Solution 3: Morris Traversal (In-order)

This approach is space-efficient, achieving O(1) space complexity. It cleverly uses the tree structure itself to track the traversal.

Algorithm:

  1. Initialize an empty result list result.
  2. While the current node is not null:
    • If the current node's left child is null: add the current node's value to result and move to the right child.
    • Otherwise: find the inorder predecessor (rightmost node in the left subtree).
      • If the predecessor's right child is null: set the predecessor's right child to the current node and move to the left child.
      • Otherwise: add the current node's value to result, set the predecessor's right child to null (to disconnect the temporary link), and move to the right child.

Code (Python):

class Solution:
    def inorderTraversal(self, root: Optional[TreeNode]) -> List[int]:
        result = []
        current = root
        while current:
            if not current.left:
                result.append(current.val)
                current = current.right
            else:
                predecessor = current.left
                while predecessor.right and predecessor.right != current:
                    predecessor = predecessor.right
                if not predecessor.right:
                    predecessor.right = current
                    current = current.left
                else:
                    result.append(current.val)
                    predecessor.right = None
                    current = current.right
        return result

Time Complexity: O(N) - Each node is visited and processed once.

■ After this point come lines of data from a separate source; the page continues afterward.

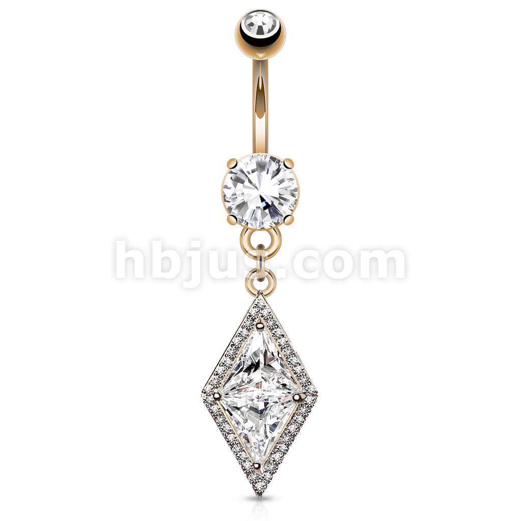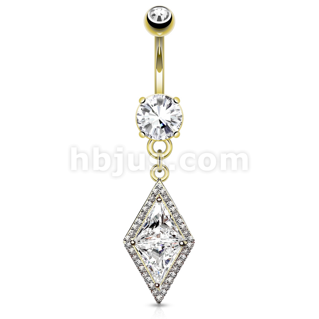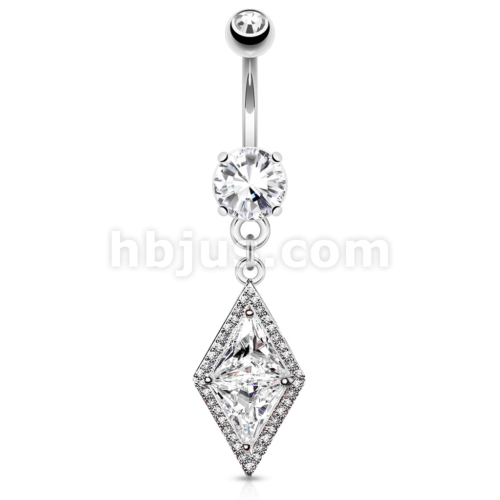 316L Surgical Steel Double Tier Belly Ring With Large Diamond CZ Center and Pave CZ Edge Dangle
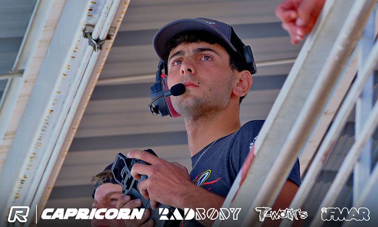 Serpent’s Andrea Catazani has taken the penultimate round of qualifying at the IFMAR 1:8 Onroad World Championship, his second TQ run meaning it is all to play for between the Italian and Xray talent Maxime Ripoll. With both drivers having 2 TQ run each, Q6 will decide who will the Top Qualifier at the 24th running of the RC racing’s original World Championship. With three drivers still in contention going into the fifth round, Gruber’s challenge would end with a bang as he crashed his Capricorn in the 5-minute of the 7-minute heat to be one of a number of cars not to finish the top heat. Having opened the day with his second TQ run, and a new fastest time, Ripoll would also have a mistake but while he could continued his performance was hampered by his body rubbing off his front left tyre. With Simon Kurzbuch another none finisher due to his engine stopping after going too lean. Ripoll would net himself a P3. Setting the fastest lap of the heat, up front Catanzani would take the heat with a one & a half second advantage over Mugen Seiki’s Shoki Takahata.
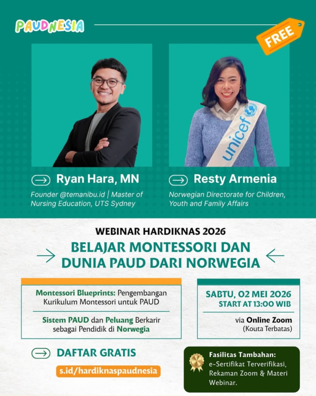 Belajar Montessori & Sistem PAUD dari Norwegia dalam rangka memperingati Hari Pendidikan Nasional Tahun 2026, Paudnesia menghadirkan webinar inspiratif untuk para pendidik & orang tua!
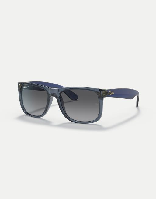 Ray-Ban justin classic square polarised sunglasses in blue with grey lens in transparent blue

Space Complexity: O(1) - No extra space is used beyond a few pointers.

Summary Table:

| Approach | Time Complexity | Space Complexity | |-----------------|-----------------|--------------------| | Recursive | O(N) | O(H) | | Iterative (Stack)| O(N) | O(H) | | Morris Traversal| O(N) | O(1) |

The choice of which solution to use depends on the specific constraints of your problem. If space is a critical concern, Morris traversal is the best option. Otherwise, the recursive or iterative stack-based approaches are generally simpler to understand and implement.